North Carolina Students Use 26th Amendment to Challenge Voter ID Law

I recently heard about this story in the New York Times detailing a lawsuit challenging North Carolina's statute requiring people to provide photo identification when voting. The Times describes North Carolina's law:

Under the North Carolina law passed last year, the period for early voting was shortened and same-day registration was eliminated. Beginning in 2016, voters will need to show photo identification, and student ID cards, including those issued by state universities, will not be acceptable. In most instances, neither will an out-of-state driver’s license. 
The law also eliminated a program in which teenagers filled out their voter-registration forms early and were automatically registered when they turned 18.

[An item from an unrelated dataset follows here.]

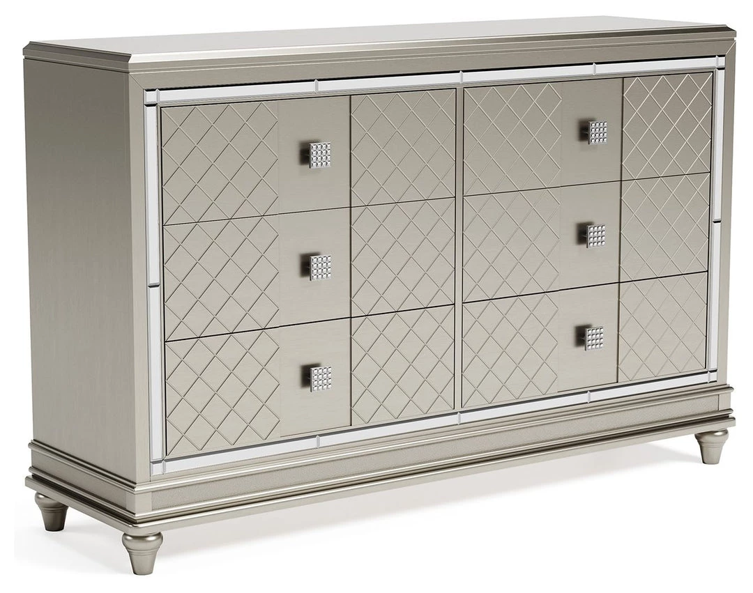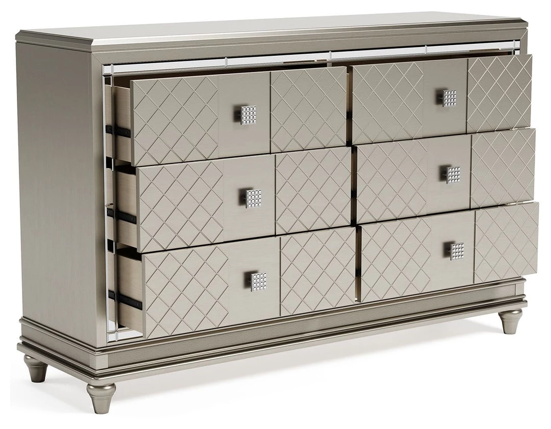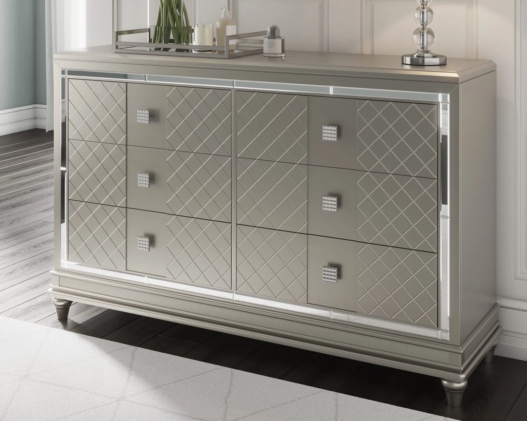 When nothing but the best will do, the opulent finishes and show stopping design of this dresser is nothing short of spectacular. Embossed diamond-patterned drawer fronts with crystalline pulls are surrounded by beveled mirrored detailing for a look that evokes a sense of ease and elegance. What a beautiful reflection of your good taste.

The link to the story contained the words in the subtitle: "College Students Claim Voter ID Laws Discriminate Based on Age." I was initially skeptical, since age is not a suspect classification and laws that discriminate based on age are not likely to be overturned for being discriminatory.

But my skepticism was based on doctrine that stems from the Fourteenth Amendment's Equal Protection Clause. While the plaintiffs challenging North Carolina's Voter ID law are arguing that the law violates the Equal Protection Clause, they are also taking a novel approach based on the 26th Amendment. From the Times:

[L]awyers for seven college students and three voter-registration advocates are making the novel constitutional argument that the law violates the 26th Amendment, which lowered the voting age to 18 from 21. The amendment also declares that the right to vote “shall not be denied or abridged by the United States or any state on account of age.” 
There has never been a case like it, and if the students succeed, it will open another front in what has become a highly partisan battle over voting rights.
I'm not sure whether the students will succeed with this argument. Given the lack of established case law or standards governing 26th Amendment lawsuits, I don't think anybody knows how the court will treat this theory. It will be interesting to see how the court handles the argument, and whether similar lawsuits will be filed in other states.

Also, Ann Coulter isn't going to be happy about this.